Exilian

Art, Writing, and Learning: The Clerisy Quarter => History, Science, and Interesting Information - The Great Library => Topic started by: Glaurung on March 23, 2017, 08:04:09 PM

Title: International Cloud Atlas, including pretty pictures
Post by: Glaurung on March 23, 2017, 08:04:09 PM
Today, the BBC published a news article (http://www.bbc.co.uk/news/science-environment-39351843) about the International Cloud Atlas, which I didn't previously know of. It's described thus: "The atlas, which dates back to the 19th Century, is the global reference book for observing and identifying clouds." It's been updated for the first time since 1987, with some additional cloud types, and it's now online, with lots of pictures to help identification.

So, here's the website: https://cloudatlas.wmo.int/ (https://cloudatlas.wmo.int/home.html) - many of the pictures are in the pages under Definitions of Clouds (https://cloudatlas.wmo.int/definitions-of-clouds.html).

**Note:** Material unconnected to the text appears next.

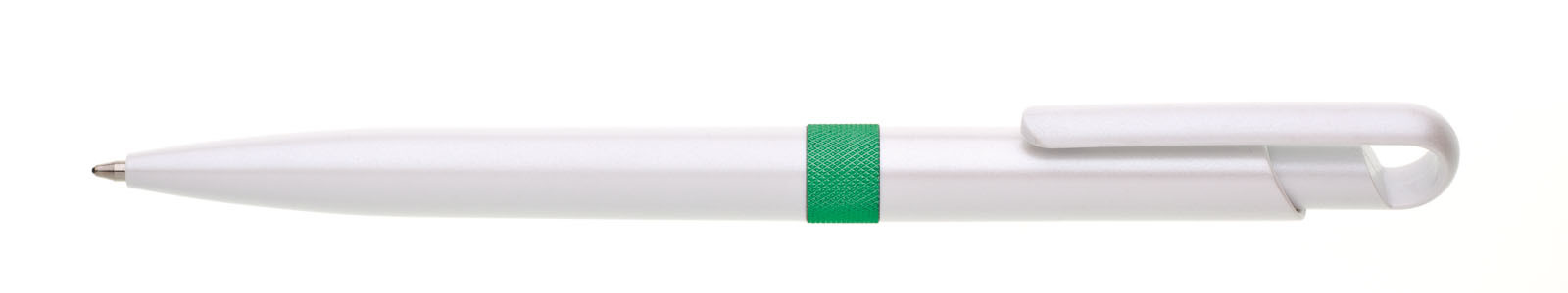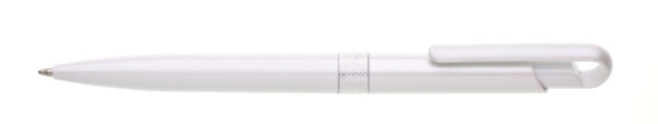 Propiska PERLA má perleťovo biele plastové telo s kovovým strieborným krúžkom. Píše modro a patrí do kolekcie DESIGN.

For those particularly enthused by all this, there is also the Cloud Appreciation Society (https://cloudappreciationsociety.org/), whose efforts have led to some of the cloud features now included in the new Atlas.

Edited 22/05/2018: the Cloud Atlas website URL had been changed since the original posting.
Title: Re: International Cloud Atlas, including pretty pictures
Post by: Jubal on March 23, 2017, 11:44:27 PM
So are these new "cloud types" mostly just identified by look? I can't help feeling there ought to be something more physics-y behind it ideally...
Title: Re: International Cloud Atlas, including pretty pictures
Post by: Glaurung on March 24, 2017, 08:30:38 AM
As far as I can tell from the article and a scan through some of the Atlas (yes, mainly the pictures) the various types and features are all identified by appearance - it feels rather like nineteenth-century biology. I have a feeling that a lot of the "new" features have been included on the basis of "well, we're seeing this quite often, we ought to have a name for it".

I think the basic physics is well-understood, but much of the detail is probably not: atmospheric physics is all about the fluid dynamics and thermodynamics of non-equilibrium systems, in regimes where exact solutions are not possible and you have to work with numerical models and simulations.
Title: Re: International Cloud Atlas, including pretty pictures
Post by: Jubal on April 01, 2017, 01:29:54 AM
Hm, yes; it's interesting that there are still some sciences in that observational state/phase.